わずか3年で月間12億PVにまで成長した「NAVERまとめ」。本企画では、NHN JAPANウェブサービス本部サービス企画1室室長の島村武志氏の話を基に、その裏で行われた施策や、運営側の考えをレポートしている。
前回は立上げ時の考えとインセンティブプログラムの話を中心に紹介したが、今回は改善に向けた取り組みや、その指針について取り上げていこう。
<前編はこちら>
まとめ作成者を増やすために
――まとめ作成者を増やすためにどのようなことをしましたか。
NHN JAPANウェブサービス本部サービス企画1室室長の島村武志氏 |
島村 : とにかく理由、動機づけを提供することを意識していました。
前回説明したインセンティブプログラムによる報酬も動機の1つではありますが、動き出すきっかけは人によって違います。例えば、「インセンティブプログラムがあるから」ではなく、「人に注目されるコンテンツを作りたい」と考えている人もいる。それぞれの意向をフォローできる環境を作るという意識で改善を進めてきました。

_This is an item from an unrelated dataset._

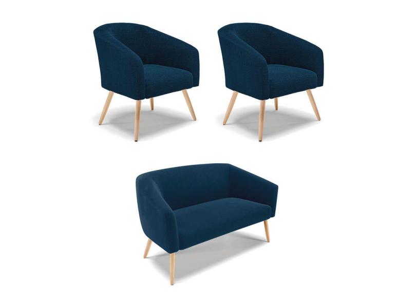 Namoradeira e 2 Poltronas Pé Palito Natural Stella Bouclê Azul D03 - D`Rossi

いずれにしても、大切なのは、ユーザーが動き出したいと考えたときに、すぐに始められる環境を整えておくことだと思います。各個人が自分の得意な分野で情報をまとめるサービスが「NAVERまとめ」ですが、同じことはブログサービスを使ってできないこともありません。しかし、それをきれいに作るには多少のHTMLを組む必要がありますし、収益を得るには、アフィリエイトサービスの登録なども必要になります。専門知識を持っていなければ、勉強から始めなければならないでしょう。そういった面倒な作業の一切をサービス側で受け持つので、ユーザーには"まとめ作業"だけに集中してほしい。そういう環境を提供しているのが「NAVERまとめ」なんです。

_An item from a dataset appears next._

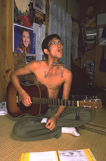 집에 돌아와 시간이 있을 때는 기타나 산신*연습을 하거나 곡을 만듭니다. 나는 늘 남들과 다른 걸 하고 싶습니다. 음악에서도 그렇구요. 나만의 음과 리듬을 만들고 내고 싶거든요. 이론이나 규정에 얽매이거나 기술만으로 평가받는 음악은 하고 싶지 않습니다. 우주를 느끼게 할 만한 스케일이 광대한 음악을 만들어 가고 싶습니다.

ただ、ここで気を付けなければいけないのは、"すぐに始められる"ことだけに捉われてはいけないということです。ただただハードルを下げて、「すぐに飛べますよ」としても、その場所が魅力的でなければ、ユーザーから「ハードルを飛ぶ理由がない」と言われてしまいます。ハードルが低い、易しいというのは良い面ももちろんありますが、易しくするだけ正義ではないんです。
――「NAVERまとめ」で禁止していることはありますか。
島村 : まず、アダルト関連は禁止しています。そして「人を不幸にすること」、「ほかのコンテンツホルダーを不幸にすること」は禁止です。すべてを転載することも禁止ですし、ユーザーを騙す記事を「釣り記事」というんですが、釣り記事も禁止です。
とにかく、ユーザーやコンテンツホルダーががっかりするようなものを出さない。これは徹底しています。
それでも不正を働くユーザーは存在します。それを極力減らすために、不正をしても無意味な世界をつくりたいと思っています。「NAVERまとめ」では、真面目にやる人、誠意を持って行動する人を支援したい。そういった人たちに、ここは自分が活躍できる場だと思ってもらいたい。
そのためにも、試行錯誤しながら不正行為を自動検知する取り組みも行っています。不正の方法も多様化しているので、日々戦いです(笑)。